Generate fake table data with GAN

Overview

Try CTGAN, one of the GANs for table data, against the Census Income dataset to generate fake table data. Train XGBoost with the generated data and verify how accurate it is compared to the original data.

CTGAN GAN is famous as a technology that can generate realistic fake images, but research on GAN for non-image data is also progressing. The following are the codes published in GAN corresponding to table data.

As the name suggests, MedGAN is a model developed with medical data in mind and supports only categorical data. (There is also a model for medical images with the same name.) TableGAN and TGAN are models developed independently at the same time, and both support tables that contain both categorical and numerical data.
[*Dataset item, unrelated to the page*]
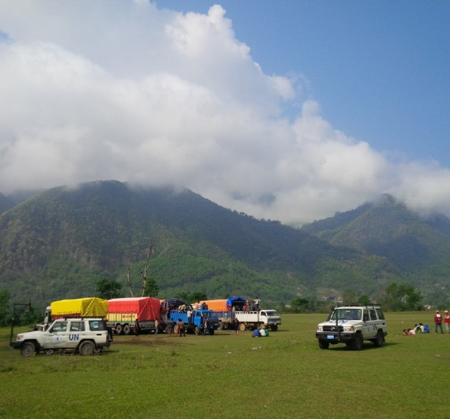 ネパール地震 食糧と救援物資を積み被災地へ急行

In Japanese articles

-Increase titanic data with GAN (TGAN) for table data

TGAN is introduced in. This time, I will try CTGAN (Conditional Tabular GAN), which is an updated version of TGAN.

CTGAN is easy to install with pip.

pip install ctgan

Data preparation

Use a dataset called Census Income as the table data. This dataset is used to predict whether your annual income will exceed $ 50,000 from personal information such as gender, age, educational background and race. The data can be downloaded from the link above, but since it is included in CTGAN as demo data, it can be read as follows.

import numpy as np
import pandas as pd

from ctgan import load_demo
df0 = load_demo()
print(df0.shape)
# (32561, 15)

For some reason, the data read in this way contains a half-width space at the beginning of the category item. It doesn't matter if a half-width space is included in the amount to be sent to CTGAN and XGBoost, but it will be an obstacle when analyzing data, so remove it for the time being.

for col in df0.select_dtypes(exclude=np.number).columns:
    df0[col] = df0[col].str.replace(' ', '')

The first few lines are displayed as follows. You can see that it consists of a categorical variable column and an integer column. Of these columns, the following are excluded. 'fnlwgt': Seems like an ID number 'education-num': One-to-one correspondence with'education' 'capital-gain': Most lines contain 0s 'capital-loss': Same as above

df0.drop(['fnlwgt', 'education-num', 'capital-gain', 'capital-loss'], 
         axis=1, inplace=True)

By the way, this dataset does not contain missing values, and there is a'?' In the place where it seems to have been a missing value. This time, leave the'?'As it is and continue processing.

Then separate the dataset for training and testing. The training data will be used for both CTGAN training and XGBoost training.

df0_train, df_test = train_test_split(df0, 
                                      test_size=0.2, 
                                      random_state=0, 
                                      stratify=df0['income'])
print(len(df0_train)) # 26048
print(len(df_test)) # 6513

Prepare another small training data.

df1_train, _ = train_test_split(df0_train, 
                                test_size=0.9, 
                                random_state=0, 
                                stratify=df0_train['income'])
print(len(df1_train)) # 2604

Data generation

First, let's train CTGAN using the larger training data df0_train. When training, it is necessary to specify the column name of the categorical variable.

discrete_columns = [
    'workclass',
    'education',
    'marital-status',
    'occupation',
    'relationship',
    'race',
    'sex',
    'native-country',
    'income'
]

Learning can be done easily as follows. The input data corresponds to pandas.DataFrame and numpy.ndarray.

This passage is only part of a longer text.